(Dataset records)
---
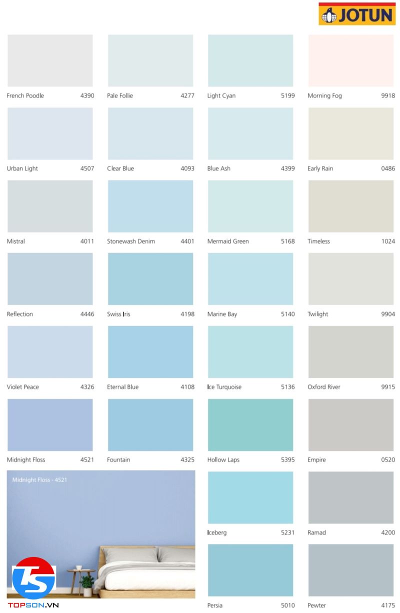 Hệ thống bảng màu của sơn Jotun bao gồm các mã màu giới đây
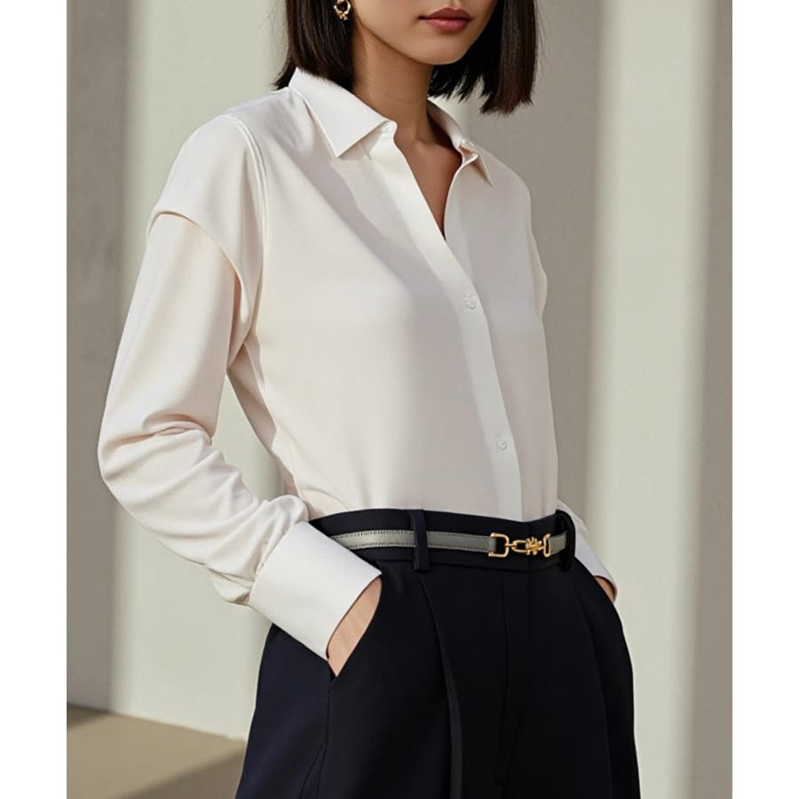 平日は、白シャツにテーパードパンツを合わせたきれいめスタイルに。全体を上品なトーンでまとめれば、ゴールドが控えめに輝き、知的で洗練された印象に。
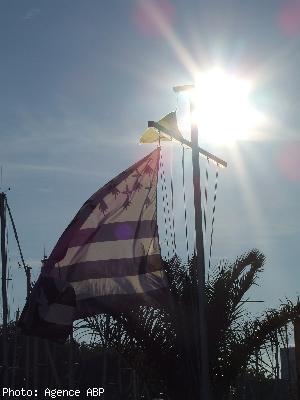 La ville a acquis de nouvelles barrières de rues et de port (8). De quelle couleur sont-elles ? L'école de voile pavoise, elle, en orange et jaune. La double coque noire du Pen Duick 2 est traversée par le blanc de la flottaison (9). Le soleil a éteint la couleur du ciel et le Gwenn ha du n'est plus très gwenn (10). Produit en Bretagne flotte au vent, un coup à l'endroit, un coup à l'envers (11).
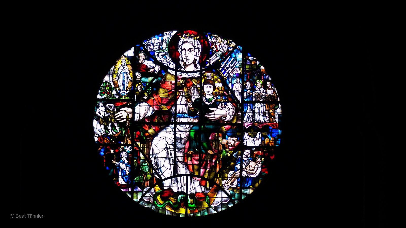 Von hier hat man freien Blick auf das wunderschöne Glasbild im Chor.
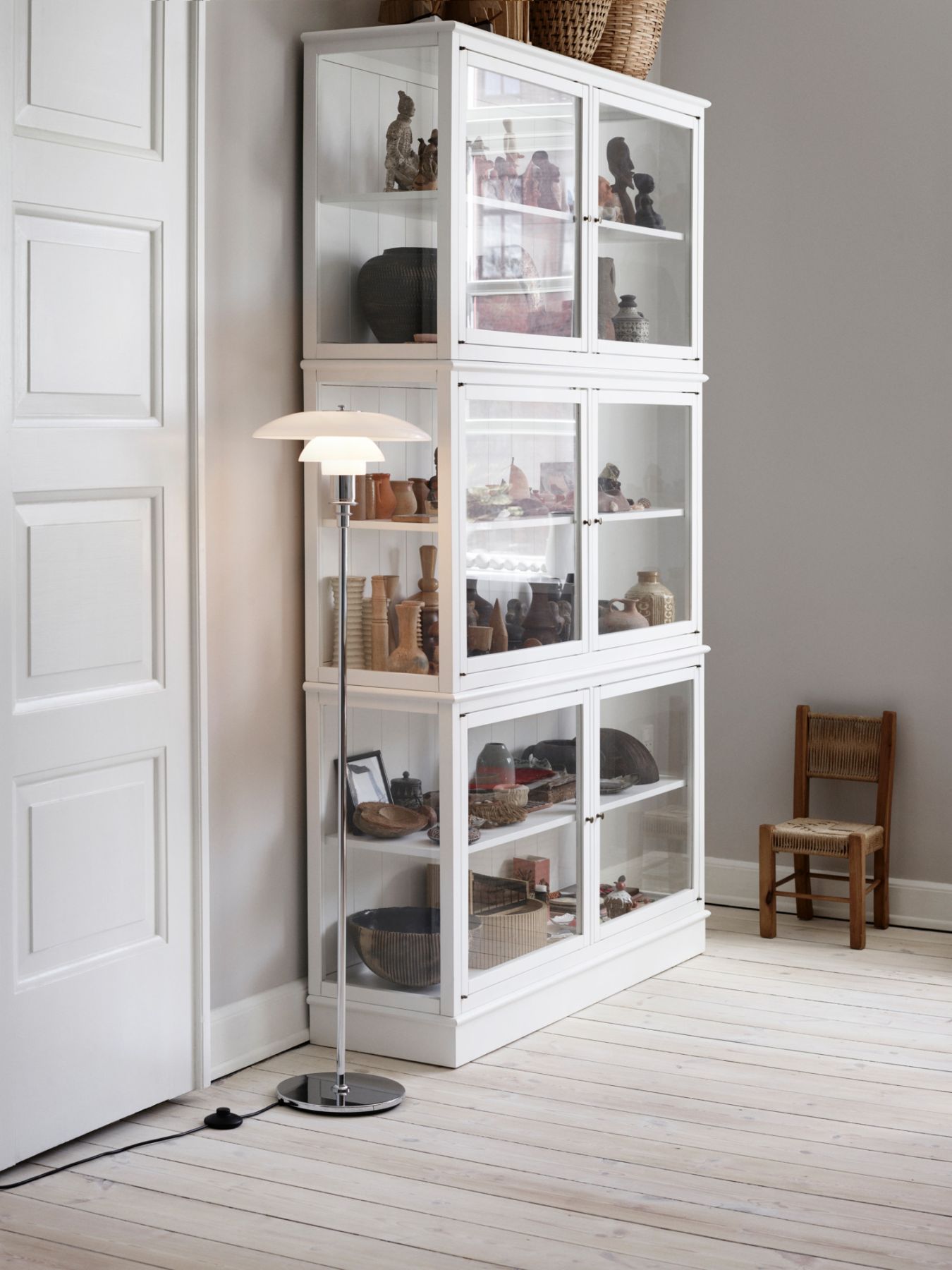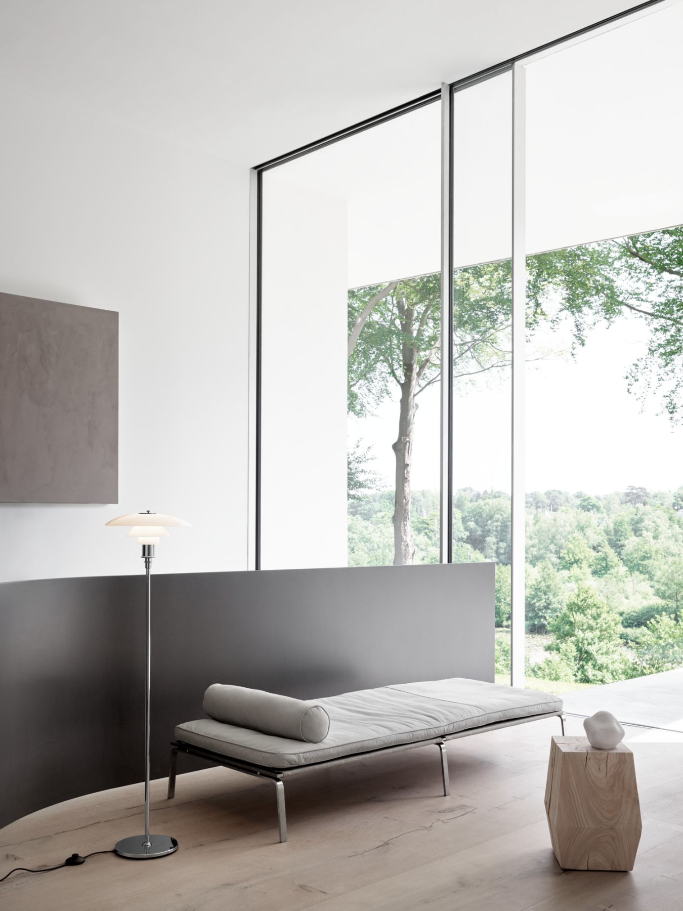 Das Modell PH PH 3 1/2 - 2 1/2 Stehleuchte gehört zur 30 Modelle umfassenden Serie mit dreiteiligem Schirm, von denen drei Außenleuchten sind.
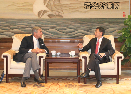 图为beat365中文官方网站副校长姜胜耀会见阿什维尔中学校长蒙特格瑞。
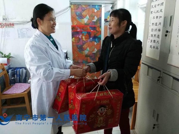 在医院领导和护理部大力支持帮助下,医院于2015年4月15日成立陪护员管理办公室,制定了陪护员管理制度,规范管理全院陪护人员。陪护员经过体检,培训,考核合格后方可上岗工作。办公室工作人员及时与患者及家属沟通交流,陪护员尽心尽力陪护照顾患者,使患者及家属放心满意。办公室成立以来,得到了临床科室、患者及家属的一致好评。新年到来之际,医院给每位陪护员送上旺旺大礼包,虽是小小的礼品,却包涵了医院领导对陪护员的殷切关怀和新年的祝福,祝大家新年快乐!万事如意!阖家幸福!(陪护办:陈素梅)
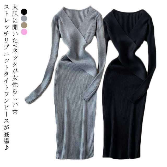 タイトニットワンピース タイトニット タイトワンピース ロングニットワンピース Vネック 長袖 リブ ニットワンピース ロング丈 タイト
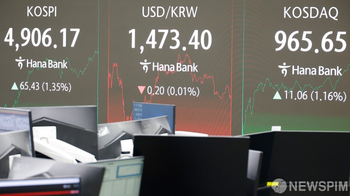 [서울=뉴스핌] 류기찬 기자 = 코스피가 장중 4900선을 돌파한 19일 오후 서울 중구 하나은행 딜링룸 전광판에 코스피, 달러/원, 코스닥 지수가 표시되고 있다. 2026.01.19 ryuchan0925@newspim.com
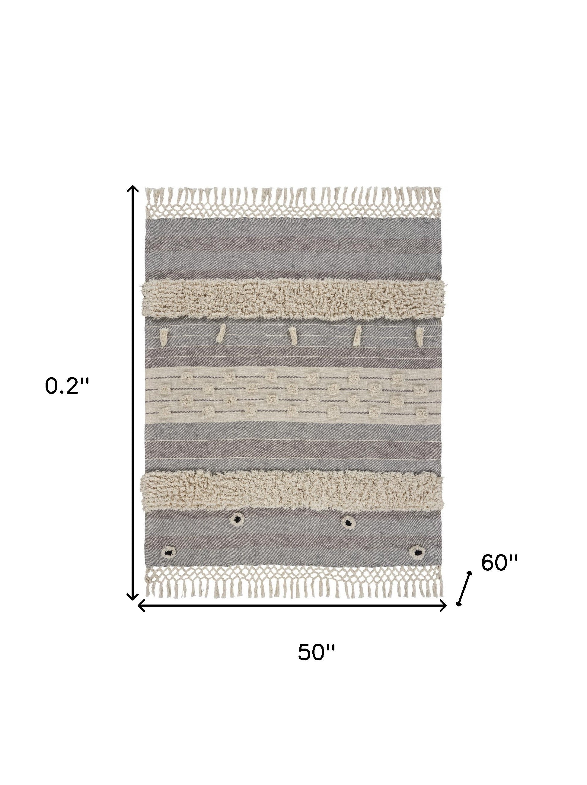 Gray Woven Cotton Striped Throw Blanket Default Title
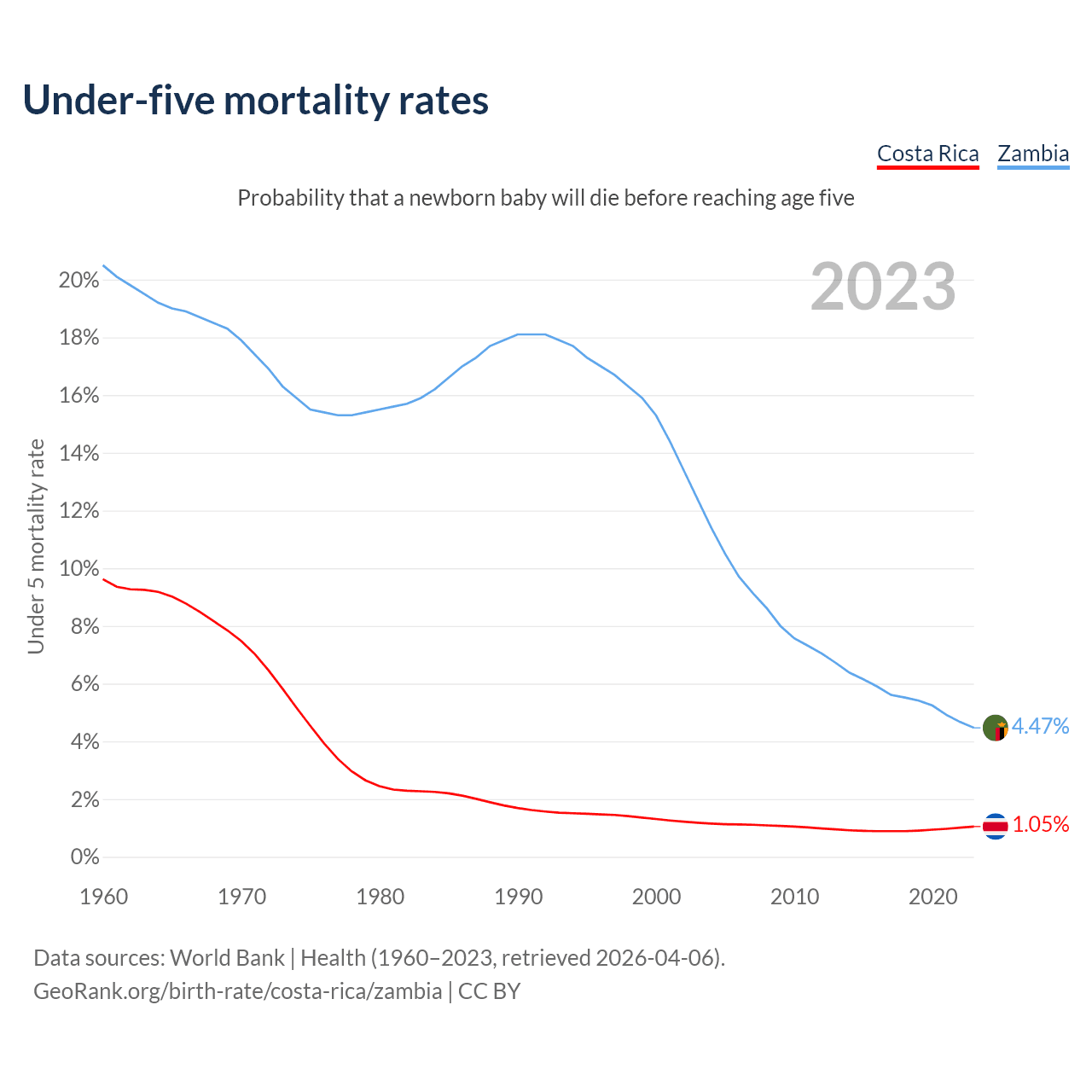 The chance that a newborn baby will die before reaching age five is 1.05% in Costa Rica and 4.47% in Zambia. Above is a chart with historical data on under-five mortality rates.
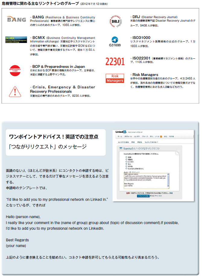 利用者数が多いSNSの1つとしてリンクトインは、ツイッターやフェイスブックとよく比較されるが、最大の違いは、フェイスブックとツイッターが情報を時系列に次々に発信するフロー型のSNSなのに対し、リンクトインは情報を蓄積することに重点を置くストック型のSNSである点だ。そのため危機管理での利用として考えた場合、震災直後から被災状況や安否状況の情報発信するツイッターのようなリアルタイムでのコミュニケーションにリンクトインは向かない。むしろ、これまでに蓄積された多くの有益な情報を基に、高い信頼関係を構築し、ネットワーク内の議論や情報交換を通して、日常から危機発生に備えて対策力を高めることに役立つ。
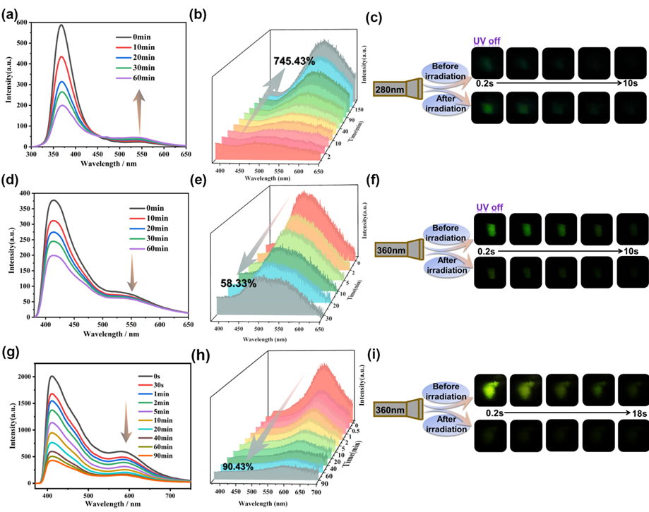 图3. 配合物1中光致变色诱导的室温磷光开启(a-c)和关闭过程(d-f);(g-i)配合物2中光致变色诱导的室温磷光关闭过程。
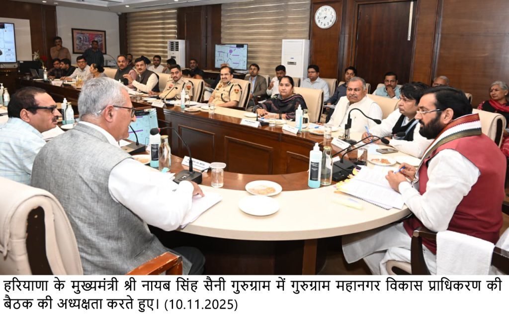 चंडीगढ़, 10 नवंबर — मुख्यमंत्री नायब सिंह सैनी ने कहा कि राज्य सरकार गुरुग्राम को जाम मुक्त और सुगम यातायात वाला शहर बनाने के लिए पूरी तरह प्रतिबद्ध है। सोमवार को उन्होंने गुरुग्राम महानगर विकास प्राधिकरण (जीएमडीए) की 15वीं बैठक की अध्यक्षता करते हुए शहर में चल रहे विकास कार्यों और इंफ्रास्ट्रक्चर परियोजनाओं की प्रगति की समीक्षा की।
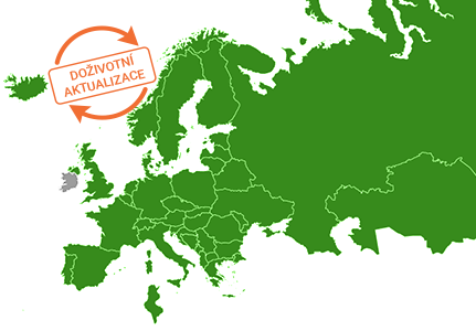 Součástí zařízení je licence na mapy 47 zemí, z nichž některé jsou již v zařízení nahrány. Pomocí programu Navitel Navigator Update Center můžete aktualizovat seznam map, odstranit nepoužívané, nainstalovat potřebné a také aktualizovat stávající. Pro ukládání aktualizací map a záznamů tras může být nutné nainstalovat SD kartu (není součástí balení).
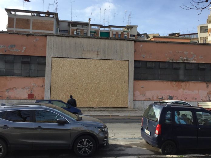 Un muro nel cuore di Latina. E’ stato eretto davanti all’ingresso della vecchia sede del mercato coperto, per impedire ai clochard di dormire sotto il portico. Il “buco” prima era stato occupato, allo stesso scopo, con dei grossi vasi e ora è stato chiuso con un pannello di truciolato. Forse a breve il legno compresso sarà sostituito da una vetrata come preannunciato qualche mese fa nel corso di una commissione consiliare. Ma al momento la situazione è questa: ingresso sigillato con un pannello. I senzatetto se vogliono possono bussare al dormitorio gestito dalla coop Tre Fontane, se non vogliono – come accaduto in passato – andranno da altra parte e non certo in pieno centro dove la situazione di degrado resta sotto gli occhi di tutti.
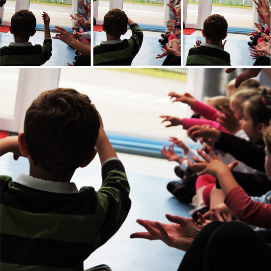 Intervention à la maternelle de Hinges. On est bien accueillis par une directrice qui organise bien tout en deux temps trois mouvements. Pas de récré dehors à cause de la pluie, c’est pas grave. Récrés décalées, pour les moyens, puis les petits avec les grands. Hervé improvise une intervention où il fait faire la vague à tous les enfants. Une vague de petites menottes qui se rejoignent et puis repartent, au milieu du carré bleu.
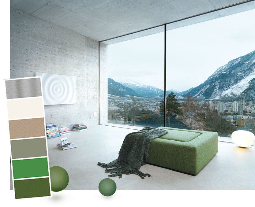 Yeni renklerin mevcut ve gelecekteki konut trendleriyle uyumlu olmasını sağlamak amacıyla Zehnder, konsepti geliştirirken tanınmış renk trendi uzmanlarının uzmanlığından yararlandı. Mimari, iç tasarım, banyo ve oturma odası trendleri ve malzemeler alanındaki uzun vadeli trendler araştırılmış ve nihayetinde yeni 'Renkler Dünyası'na entegre edilmiştir: herkesin kendi yaşam tarzına uygun mükemmel radyatörü bulmasına olanak tanıyan beş modern renk dünyası.
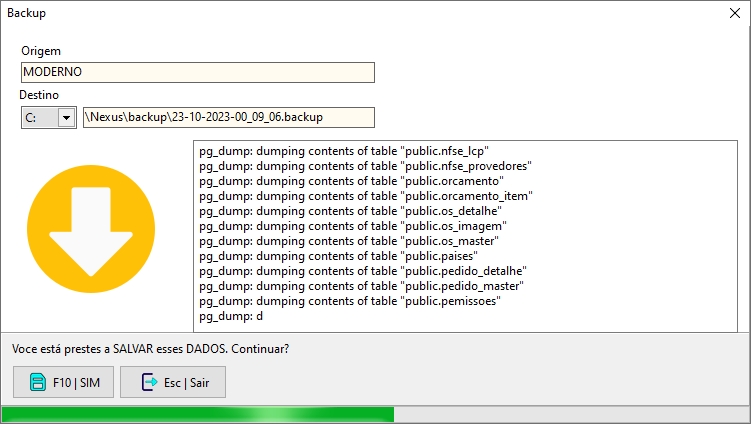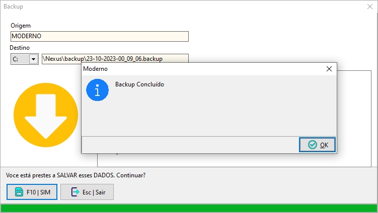 Para iniciar um novo Backup basta clicar na "F10 SIM"
---
* WHAT THE TASK REQUIRES *
Given the entries above, transcribe exactly the lines from the one holding "在医院领导和护理部大力支持帮" through the one holding "图3. 配合物1中光致变色诱"; pictures do not belong in the transcription.

* OUTPUT FOR THIS EXERCISE *
 在医院领导和护理部大力支持帮助下,医院于2015年4月15日成立陪护员管理办公室,制定了陪护员管理制度,规范管理全院陪护人员。陪护员经过体检,培训,考核合格后方可上岗工作。办公室工作人员及时与患者及家属沟通交流,陪护员尽心尽力陪护照顾患者,使患者及家属放心满意。办公室成立以来,得到了临床科室、患者及家属的一致好评。新年到来之际,医院给每位陪护员送上旺旺大礼包,虽是小小的礼品,却包涵了医院领导对陪护员的殷切关怀和新年的祝福,祝大家新年快乐!万事如意!阖家幸福!(陪护办:陈素梅)
 タイトニットワンピース タイトニット タイトワンピース ロングニットワンピース Vネック 長袖 リブ ニットワンピース ロング丈 タイト
 [서울=뉴스핌] 류기찬 기자 = 코스피가 장중 4900선을 돌파한 19일 오후 서울 중구 하나은행 딜링룸 전광판에 코스피, 달러/원, 코스닥 지수가 표시되고 있다. 2026.01.19 ryuchan0925@newspim.com
 Gray Woven Cotton Striped Throw Blanket Default Title
 The chance that a newborn baby will die before reaching age five is 1.05% in Costa Rica and 4.47% in Zambia. Above is a chart with historical data on under-five mortality rates.
 利用者数が多いSNSの1つとしてリンクトインは、ツイッターやフェイスブックとよく比較されるが、最大の違いは、フェイスブックとツイッターが情報を時系列に次々に発信するフロー型のSNSなのに対し、リンクトインは情報を蓄積することに重点を置くストック型のSNSである点だ。そのため危機管理での利用として考えた場合、震災直後から被災状況や安否状況の情報発信するツイッターのようなリアルタイムでのコミュニケーションにリンクトインは向かない。むしろ、これまでに蓄積された多くの有益な情報を基に、高い信頼関係を構築し、ネットワーク内の議論や情報交換を通して、日常から危機発生に備えて対策力を高めることに役立つ。
 图3. 配合物1中光致变色诱导的室温磷光开启(a-c)和关闭过程(d-f);(g-i)配合物2中光致变色诱导的室温磷光关闭过程。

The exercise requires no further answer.